In 2020, we need to fight the new thought-policeBy Frank Furedi, Spiked, 27 December 2019

 During the past decade, and especially this year, those in positions of influence have tried to change the narrative through which society understands itself.

There is an insidious crusade afoot aiming at controlling what the public sees, hears, thinks and believes. This project, which seeks hegemony in various Western cultures, is no less pervasive and thoroughgoing than previous attempts at thought control by totalitarian and theocratic regimes.

But since this campaign to control the narrative has no name, and does not promote an explicit ideology, its significance tends to be underestimated, even by those who oppose the many attempts to police language and thought.

A new identity-obsessed, anti-humanist and anti-civilisational narrative has taken hold. We are increasingly encouraged to change our language, adopt hitherto unknown words, and accept deeply questionable claims.

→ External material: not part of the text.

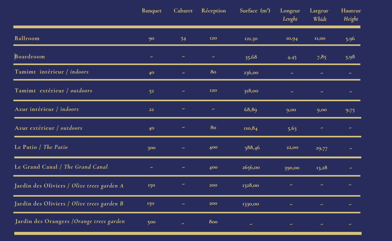 Invite your guests to the Ochre City of Marrakech and let us make your occasion the best it can be, against a backdrop of traditional architecture, and panoramic views of the Atlas mountains, orchards and gardens. Be it a birthday party, an engagement or a wedding for up to 400 guests.

This campaign has been so successful because its opponents have failed to grasp its significance. Typically, the demands of extreme identitarians are dismissed as either of no significance or as a joke. Take one example that emerged last week.

A group of 16 scientists – from such prestigious universities as Cambridge and Oxford – wrote a letter to the journal Nature denouncing its use of the term ‘quantum supremacy’. This was on the grounds that it conveys racist and colonialist ideas.

They said that, in their view, ‘supremacy’ has ‘overtones of violence, neocolonialism and racism through its association with “white supremacy”’, and demanded that the term be replaced by ‘quantum advantage’.

It is of course tempting to dismiss this as a silly gesture by self-important scientists with too much time on their hands. And that is precisely how many people responded to this ludicrous letter. But its authors are not alone in thinking as they do.

In August, a team at the Human Interface Technology lab in New Zealand asserted that it was problematic that most robots were manufactured out of white plastic, since it smacked of imperialism and white supremacy.

Here we can see how white supremacy has been redefined, turned from a distinct and vicious political ideology into a kind of original sin possessed by all those born with light skin. This is ridiculous, of course, but the impact of this nonsense is no joke.

This redefined notion of white supremacy is now an integral feature of a certain cultural narrative, one that is designed not only to pathologise white people, but also to discredit some of the important legacies of human civilisation.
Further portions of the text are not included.